Objective: In clinical trials, the efficacy and safety of the oral direct thrombin inhibitor ximelagatran have been evaluated in the prevention or treatment of thromboembolic conditions known to have high morbidity and mortality. In these studies, raised aminotransferase levels were observed during long-term use (>35 days). The aim of this analysis is to review the data regarding these hepatic findings in the long-term trials of ximelagatran.
Patients and methods: The prospective analysis included 6948 patients randomised to ximelagatran and 6230 patients randomised to comparator (warfarin, low-molecular weight heparin followed by warfarin or placebo). Of these, 6931 patients received ximelagatran for a mean of 357 days and 6216 patients received comparator for a mean of 389 days. An algorithm was developed for frequent testing of hepatic enzyme levels.
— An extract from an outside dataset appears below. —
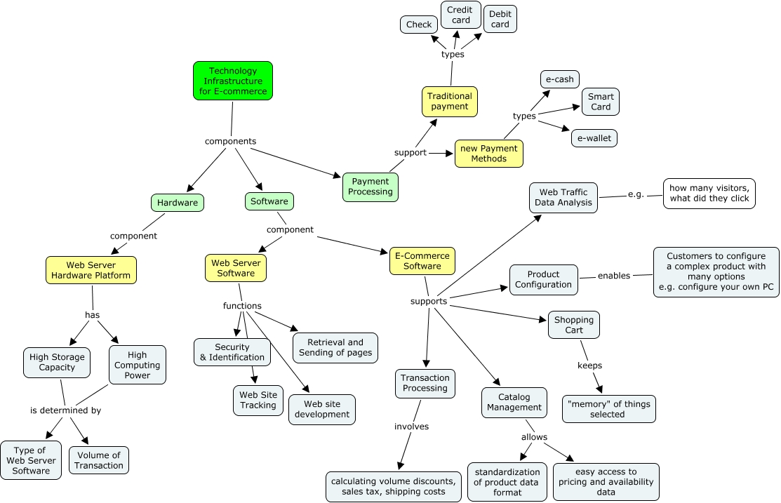 This Concept Map, created with IHMC CmapTools, has information related to: e-commerce infrastructure, E-Commerce Software supports Catalog Management, E-Commerce Software supports Web Traffic Data Analysis, Hardware component Web Server Hardware Platform, Traditional payment types Check, Web Server Software functions Web site development, Web Server Software functions Security & Identification, new Payment Methods types e-wallet, Payment Processing support new Payment Methods, Web Server Software functions Web Site Tracking, Traditional payment types Credit card, E-Commerce Software supports Transaction Processing, High Storage Capacity is determined by Type of Web Server Software, High Storage Capacity is determined by Volume of Transaction, Traditional payment types Debit card, Technology Infrastructure for E-commerce components Software, Web Server Software functions Retrieval and Sending of pages, E-Commerce Software supports Product Configuration, Shopping Cart keeps "memory" of things selected, Transaction Processing involves calculating volume discounts, sales tax, shipping costs, Web Traffic Data Analysis e.g. how many visitors, what did they click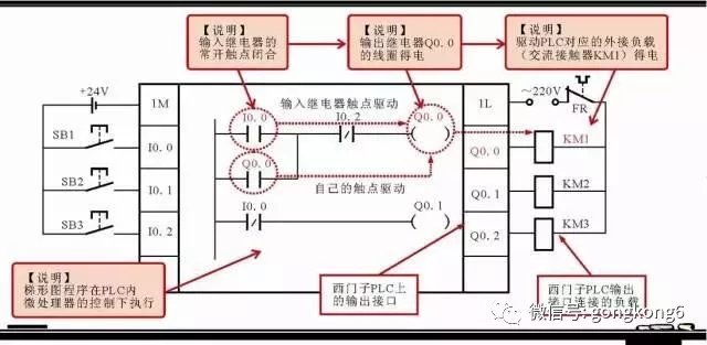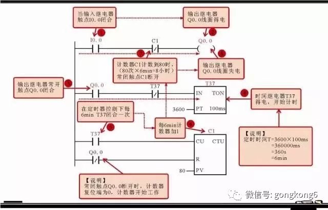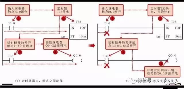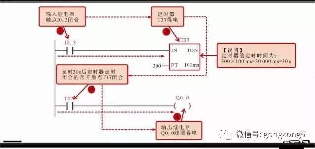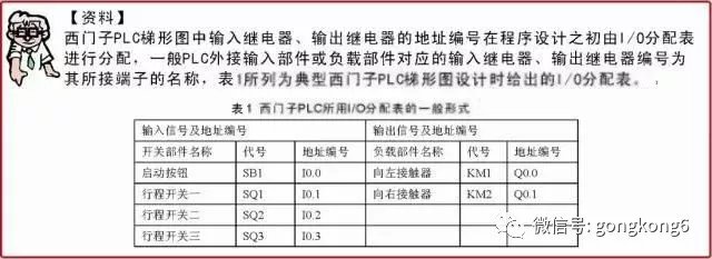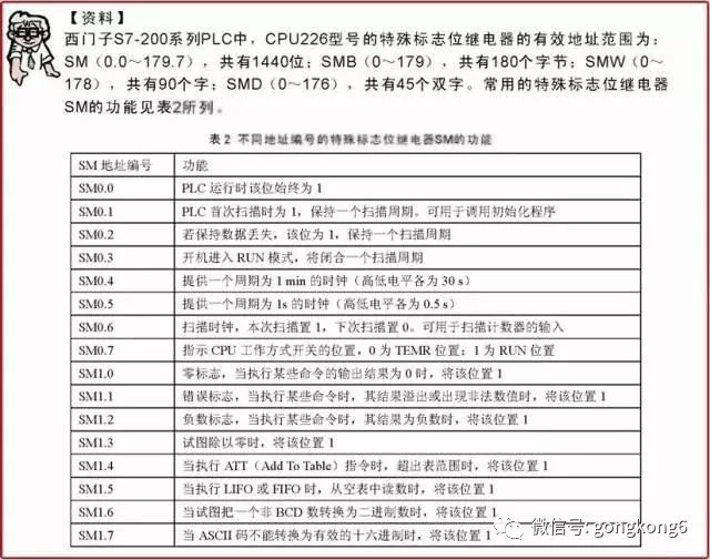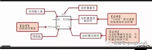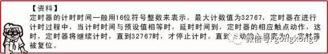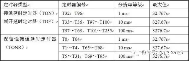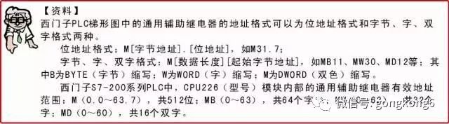 在西门子plc梯形图中,将其触点和线圈等称为程序中的编程元件。编程元件也称为软元件,是指在plc编程时使用的输入/输出端子所对应的存储区以及内部的存储单元、寄存器等。 根据编程元件的功能,西门子plc梯形图中的常用的编程元件主要有输入继电器(I)、输出继电器(Q)、辅助继电器(M、SM)、定时器(T)、计数器(C)和一些其他较常见的编程元件等。 1、输入继电器(I)的标注 西门子PLC梯形图中的输入继电器用“字母I+数字”进行标识,每个输入继电器均与PLC的一个输入端子对应,用于接收外部开关信号。 输入继电器由PLC端子连接的开关部件的通断状态(开关信号)进行驱动,当开关信号闭合时,输入继电器得电,其对应的常开触点闭合,常闭触点断开,如图1所示。 ![]() 图1 西门子PLC梯形图中的输入继电器 2、输出继电器(Q)的标注 西门子PLC梯形图中的输出继电器用“字母Q+数字”进行标识,每一个输出继电器均与PLC的一个输出端子对应,用于控制PLC外接的负载。 输出继电器可以由PLC内部输入继电器的触点、其他内部继电器的触点或输出继电器自己的触点来驱动,如图2所示。 ![]() 图2 西门子PLC梯形图中的输出继电器 ![]() 3、辅助继电器(M、SM)的标注 在西门子PLC梯形图中,辅助继电器有两种,一种为通用辅助继电器,一种为特殊标志位辅助继电器。 (1)通用辅助继电器的标注。通用辅助继电器,又称为内部标志位存储器,如同传统继电器控制系统中的中间继电器,用于存放中间操作状态,或存储其他相关数字,用“字母M+数字”进行标识,如图3所示。 ![]() 图3 西门子PLC梯形图中的通用辅助继电器 ![]() 由图3可以看到,通用辅助继电器M0.0既不直接接受外部输入信号,也不直接驱动外接负载,它只是作为程序处理的中间环节,起到桥梁的作用。 (2)特殊标志位辅助继电器的标注。特殊标志位辅助继电器,用“字母SM+数字”标识,如图4所示,通常简称为特殊标志位继电器,它是为保存PLC自身工作状态数据而建立的一种继电器,用于为用户提供一些特殊的控制功能及系统信息,如用于读取程序中设备的状态和运算结果,根据读取信息实现控制需求等。一般用户对操作的一些特殊要求也可通过特殊标志位辅助继电器通知CPU系统。 ![]() 图4 西门子PLC梯形图中的特殊标志位辅助继电器 ![]() 4、定时器(T)的标注 在西门子PLC梯形图中,定时器是一个非常重要的编程元件,用“字母T+数字”进行标识,数字从0~255,共256个。不同型号的PLC,其定时器的类型和具体功能也不相同。在西门子S7-200系列PLC中,定时器分为3种类型,即接通延时定时器(TON)、保留性接通延时定时器(TONR)、断开延时定时器(TOF),三种定时器定时时间的计算公式相同,即 T=PT×S (T为定时时间,PT为预设值,S为分辨率等级) 其中,PT预设值根据编程需要输入设定值数值,分辨率等级一般有1ms、10ms、100ms三种,由定时器类型和编号决定,见表3所示。 表3 西门子S7-200定时器号码对应的分辨率等级及最大值等参数 ![]() (1)接通延时定时器(TON)的标注。接通延时定时器是指定时器得电后,延时一段时间(由设定值决定)后其对应的常开或常闭触点才执行闭合或断开动作;当定时器失电后,触点立即复位。 接通延时定时器(TON)在PLC梯形图中的表示方法如图5所示,其中,方框上方的“???”为定时器的编号输入位置;方框内的TON代表该定时器类型(接通延时);IN为起动输入端;PT为时间预设值端(PT外部的“???”为预设值的数值);S为定时器分辨率,与定时器的编号有关,可参照表3。 图5 接通延时定时器(TON)在PLC梯形图中的表示方法 例如,某段PLC梯形图程序中所用定时器编号为T37,预设值PT为300,定时分辨率为100ms,如图6所示。 可以计算出,该定时器的定时时间为300×100ms=30000ms=30s;则在该程序中,当输入继电器I0.3闭合后,定时器T37得电,延时30s后控制输出继电器Q0.0的延时闭合的常开触点T37闭合,使输出继电器Q0.0线圈得电。 ![]() 图6 接通延时定时器(TON)应用 ![]() (2)保留性接通延时定时器(TONR)的标注。保留性接通延时定时器(TONR)与上述的接通延时定时器(TON)原理基本相同,不同之处在于在计时时间段内,未达到预设值前,定时器断电后,可保持当前计时值,当定时器得电后,从保留值的基础上再进行计时,可多间隔累加计时,当到达预设值时,其触点相应动作(常开触点闭合,常闭触点断开)。 保留性接通延时定时器(TONR)在PLC梯形图中的表示方法如图7所示,其中,方框上方的“???”为定时器的编号输入位置;方框内的TONR代表该定时器类型(接通延时);IN为起动输入端;PT为时间预设值端(PT外部的“???”为预设值的数值);S为定时器分辨率,与定时器的编号有关,可参照表。 ![]() 图7 保留性接通延时定时器(TONR)在PLC梯形图中的表示方法 (3)断开延时定时器(TOF)的标注。断开延时定时器(TOF)是指定时器得电后,其相应常开或常闭触点立即执行闭合或断开动作;当定时器失电后,需延时一段时间(由设定值决定),其对应的常开或常闭触点才执行复位动作。 断开延时定时器(TOF)在PLC梯形图中的表示方法与上述两种定时器基本相同,如图8所示为断开延时定时器(TOF)的典型应用。 ![]() 图8 断开延时定时器(TOF)的应用 由图8可以看到,该程序中所用定时器编号为T33,预设值PT为60,定时分辨率为10ms。 可以计算出,该定时器的定时时间为60×10ms=600ms=0.6s;则该程序中,当输入继电器I0.3闭合后,定时器T38得电,控制输出继电器Q0.0

A panel of four hepatologists analysed all cases of potential concern with regard to causal relation to ximelagatran treatment using an established evaluation tool (Roussel Uclaf Causality Assessment Method [RUCAM]).
Results: An elevated alanine aminotransferase (ALT) level of >3 x the upper limit of normal (ULN) was found in 7.9% of patients in the ximelagatran group versus 1.2% in the comparator group. The increase in ALT level occurred 1-6 months after initiation of therapy and data were available to confirm recovery of the ALT level to <2 x ULN in 96% of patients, whether they continued to receive ximelagatran or not. There was some variability in the incidence of ALT level elevation between indications, those with simultaneous acute illnesses (acute myocardial infarction or venous thromboembolism) having higher incidences. Combined elevations of ALT level of >3 x ULN and total bilirubin level of >2 x ULN (within 1 month of the ALT elevation), regardless of aetiology, were infrequent, occurring in 37 patients (0.5%) treated with ximelagatran, of whom one sustained a severe hepatic illness that appeared to be resolving when the patient died from a gastrointestinal haemorrhage. No death was observed directly related to hepatic failure caused by ximelagatran.
Conclusion: Treatment with ximelagatran has been associated with mainly asymptomatic elevation of ALT levels in a mean of 7.9% of patients in the long-term clinical trial programme and nearly all of the cases occurred within the first 6 months of therapy. Rare symptomatic cases have been observed. An algorithm has been developed for testing ALT to ensure appropriate management of patients with elevated ALT levels. Regular ALT testing should allow the clinical benefits of ximelagatran to reach the widest population of patients while minimising the risk of hepatic adverse effects.